ONNX (Open Neural Network Exchange) is a standard format for exporting models — typically created in frameworks like PyTorch — so they can run anywhere. On Dragonwing devices you can use ONNX Runtime with AI Engine Direct to execute ONNX models directly on the NPU for maximum performance.

## onnxruntime wheel with AI Engine Direct

`onnxruntime` currently does not publish prebuilt wheels for aarch64 Linux with AI Engine Direct bindings - so you cannot install onnxruntime from PyPI. You can download prebuilt wheels here:

* [onnxruntime\_qnn-1.23.0-cp312-cp312-linux\_aarch64.whl](https://cdn.edgeimpulse.com/qc-ai-docs/wheels/onnxruntime_qnn-1.23.0-cp312-cp312-linux_aarch64.whl)

(Install via `pip3 install onnxruntime_qnn-*-linux_aarch64.whl`)

To build a wheel for other onnxruntime or Python versions, see [edgeimpulse/onnxruntime-qnn-linux-aarch64](https://github.com/edgeimpulse/onnxruntime-qnn-linux-aarch64).

## Preparing your onnx file

The NPU only only supports quantized uint8/int8 models with a fixed input shape. If your model is not quantized, or if you have a dynamic input shape your model will automatically be offloaded to the CPU. Here's some tips on how to prepare your model.

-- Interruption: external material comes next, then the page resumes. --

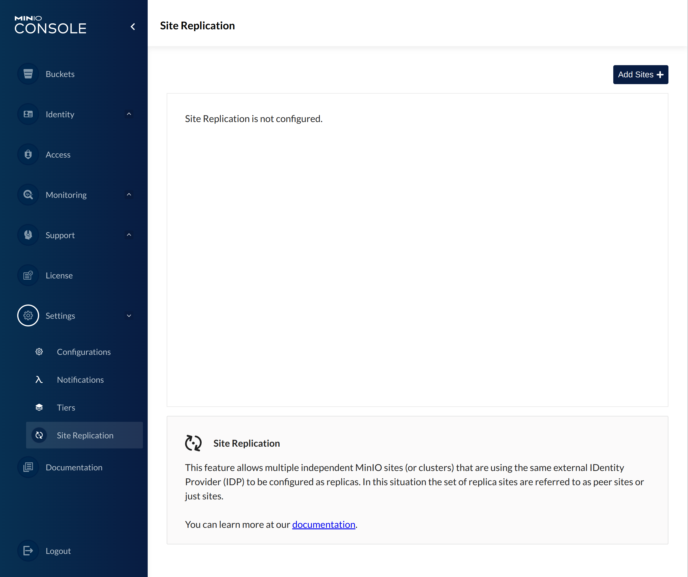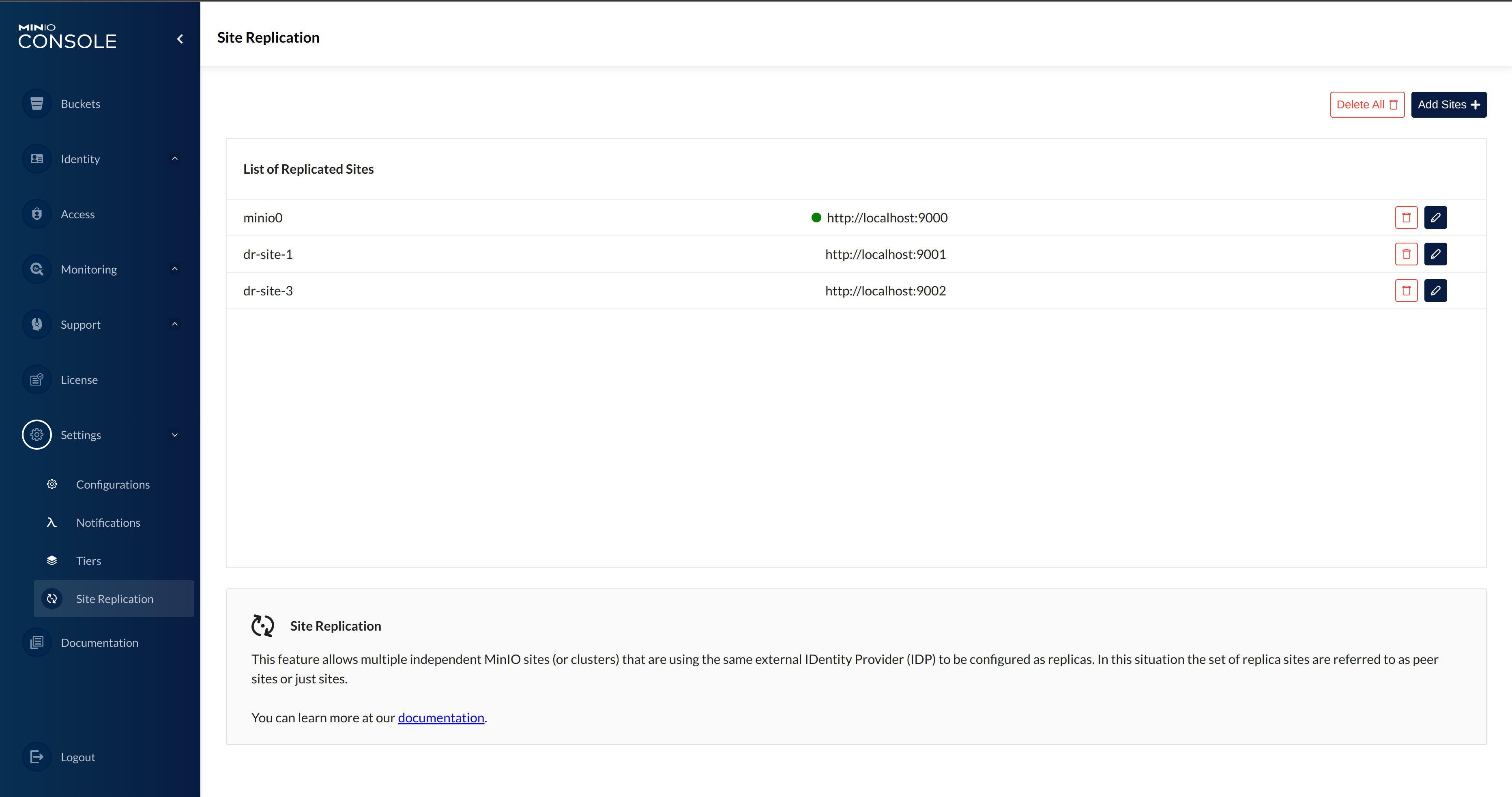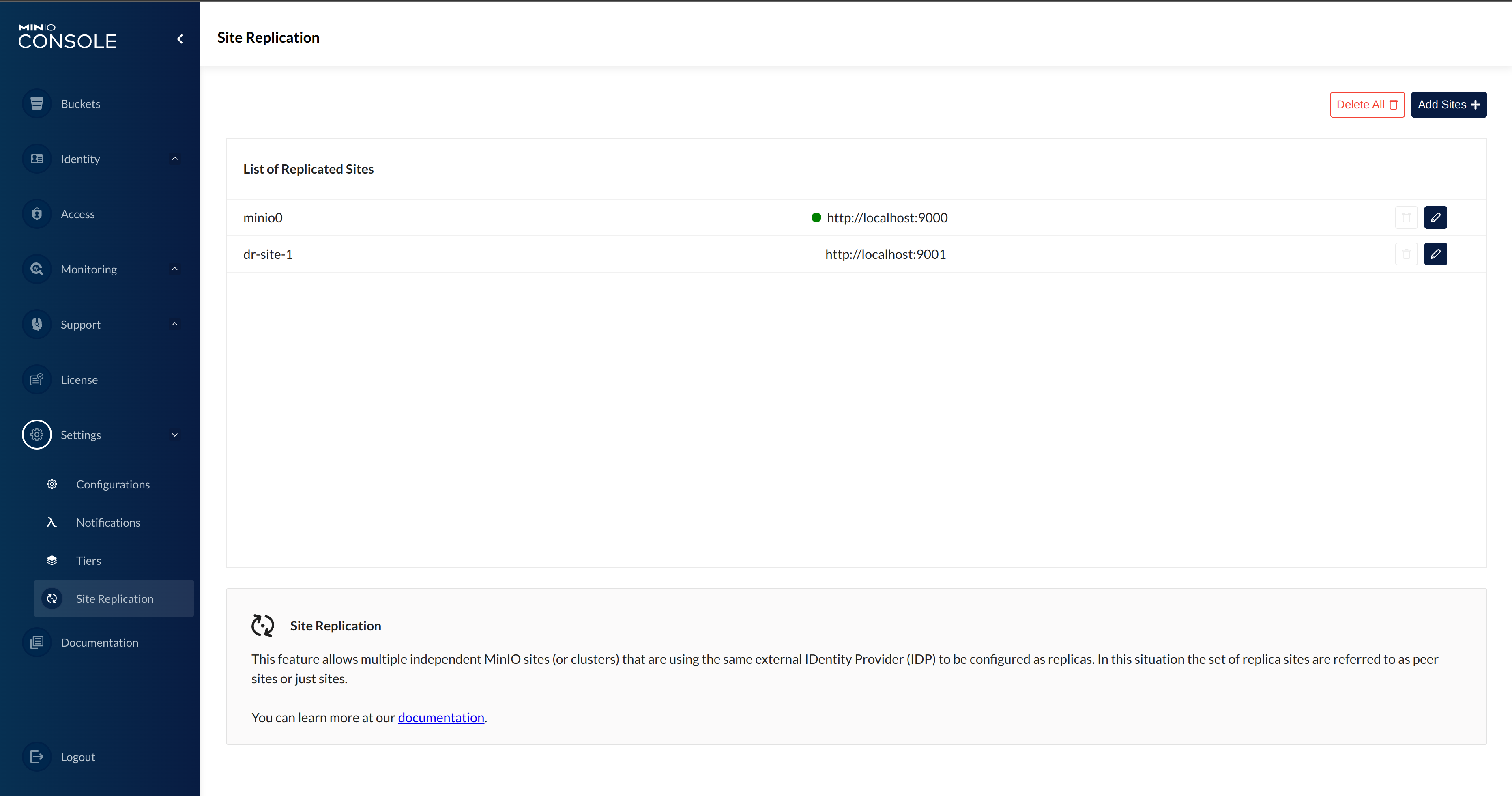 Site Replication status would be in a new PR.
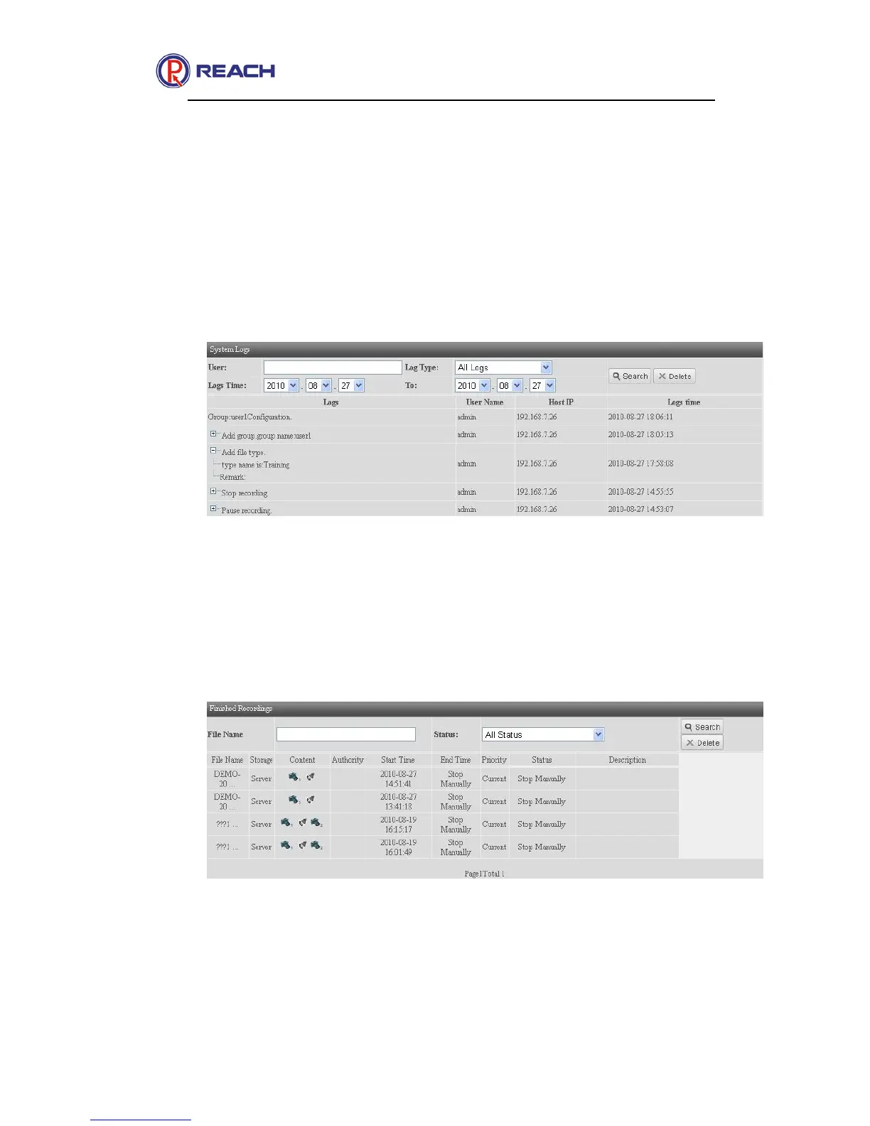 Logs information for recording task can be reviewed and inquired according to File Name and

A full length tutorial for exporting a PyTorch model to ONNX is [available in the PyTorch documentation](https://docs.pytorch.org/tutorials/beginner/onnx/export_simple_model_to_onnx_tutorial.html).

### Dynamic shapes

If you have a model with dynamic shapes, you'll need to make them fixed shape first. You can see the shape of your network via [Netron](https://netron.app).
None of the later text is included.